TAMPA — Amber Perera asked for a second chance. Her victims’ family wanted her to spend the rest of her life in prison.
A judge decided on half a century.
Circuit Judge Christopher Sabella on Tuesday sentenced Perera, 31, to 50 years in state prison for driving drunk and causing a crash on the Lee Roy Selmon Expressway that killed Luiz and Rita Felipak of Tampa and their 8-year-old daughter, Giorgia.
Just before handing down the sentence, Sabella made reference to a jail call, recorded after Perera’s arrest and played in court by prosecutors, in which she told a family member, "My life is ruined.”
“Yes, ma’am," Sabella said, “your life is ruined, but you also ruined a lot of lives and ended three lives.”
Sabella announced his decision four days after a lengthy, emotional hearing Friday. The judge heard from investigators, experts and loved ones on both sides of the courtroom, then said he needed some time to weigh the facts and testimony.
Prosecutors asked the judge to sentence Perera to life in prison for crashing into the back of Hyundai sedan carrying the Felipak family while speeding east on the expressway on Aug. 10, 2017. The force of the impact pushed the Hyundai across the grassy median and into the westbound lanes, where it struck a Jeep and an Infiniti and caught fire.
All three of the Felipaks died at the scene. The Jeep's driver, Tracy Lee Kelly of Seminole, was seriously injured.
Perera’s Kia spun out in the median but she was able to regain control and kept driving, stopping about two miles away after a tire fell off her car.
A blood sample taken hours after the crash put Perera’s blood alcohol level at .10, and a Tampa police officer testified Perera’s blood-alcohol level could have been as high as 0.226 at the time of the crash. A driver is presumed impaired under Florida law at 0.08 or higher.
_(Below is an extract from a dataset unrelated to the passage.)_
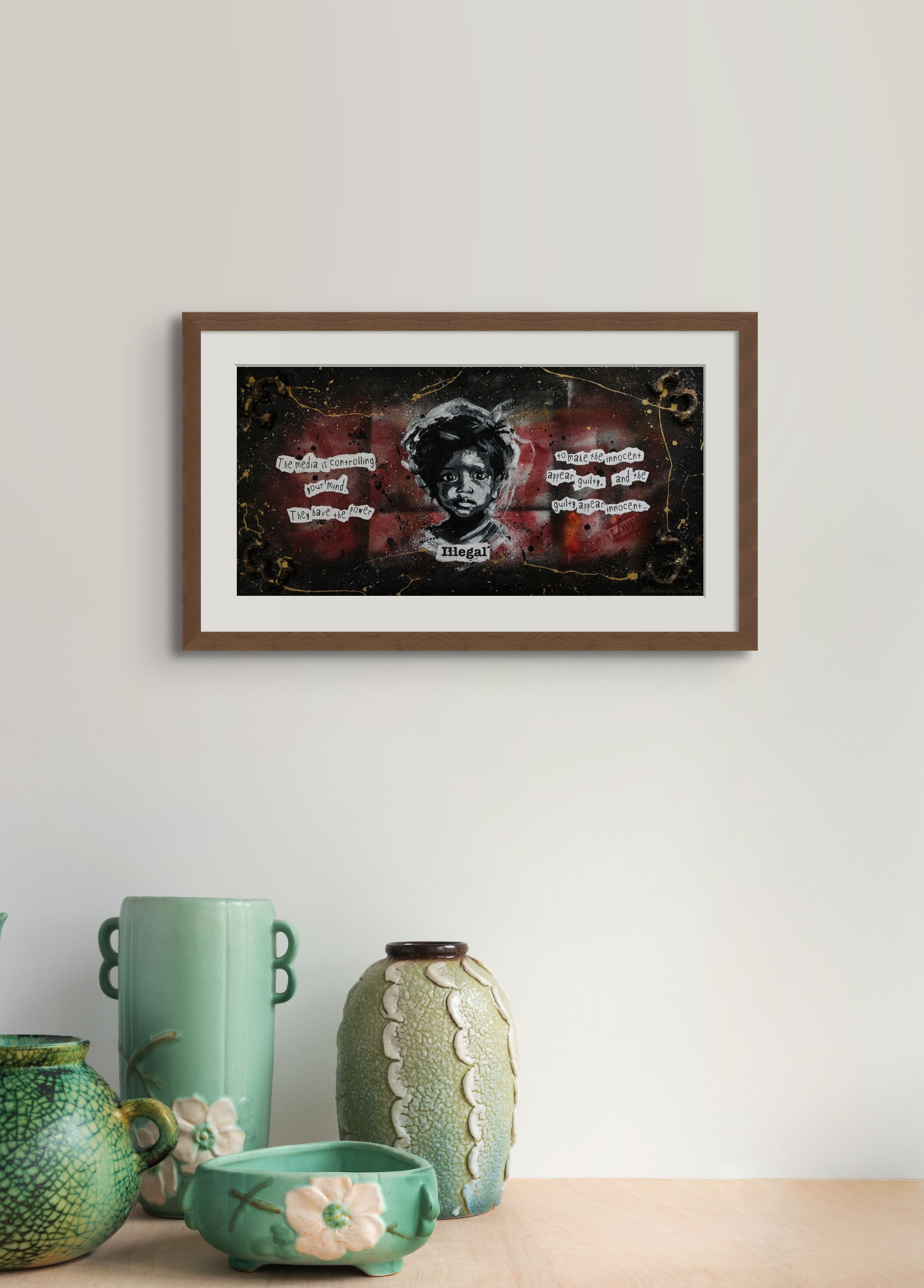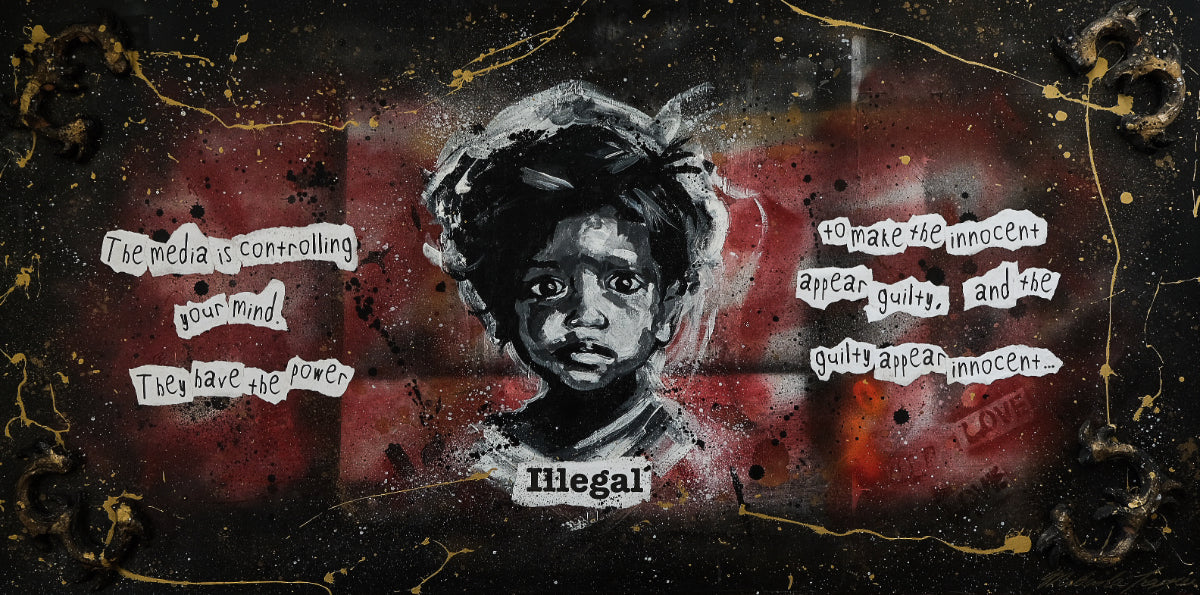 Teague accompanies her piece with the text: "Seeking asylum is a human right - Article 14: “Right to Asylum” Universal Declaration of Human rights. This means everyone should be allowed to enter another country to seek asylum." This artwork challenges us to not lose touch of our humanity and remember to always question the realities (or media narratives) that are presented to us.

Store receipts showed Perera bought beer twice on the day of the crash, and investigators found an empty 24-ounce beer in her car.
More testing revealed Perera also had three cannabis-related compounds in her system ― two of them in concentrations high enough to effect Perera’s brain, according to testimony.
Perera, who has been diagnosed with non-epileptic seizures, told a witness after the crash that she’d had a seizure before it happened. Her attorney, Hubbell Losson, tried to convince Judge Sabella that her seizure disorder was a factor in the collision.
Sabella dismissed the argument in his announcement Tuesday. He noted that the data recorder on Perera’s car showed she was driving 120 mph five seconds before the crash, then slowed to about 100 mph and turned the steering wheel just before impact — evidence that she tried to take evasive action.
Perera then continued driving for about two miles before the tire fell off and hid vials of blood that had been drawn from her at the hospital.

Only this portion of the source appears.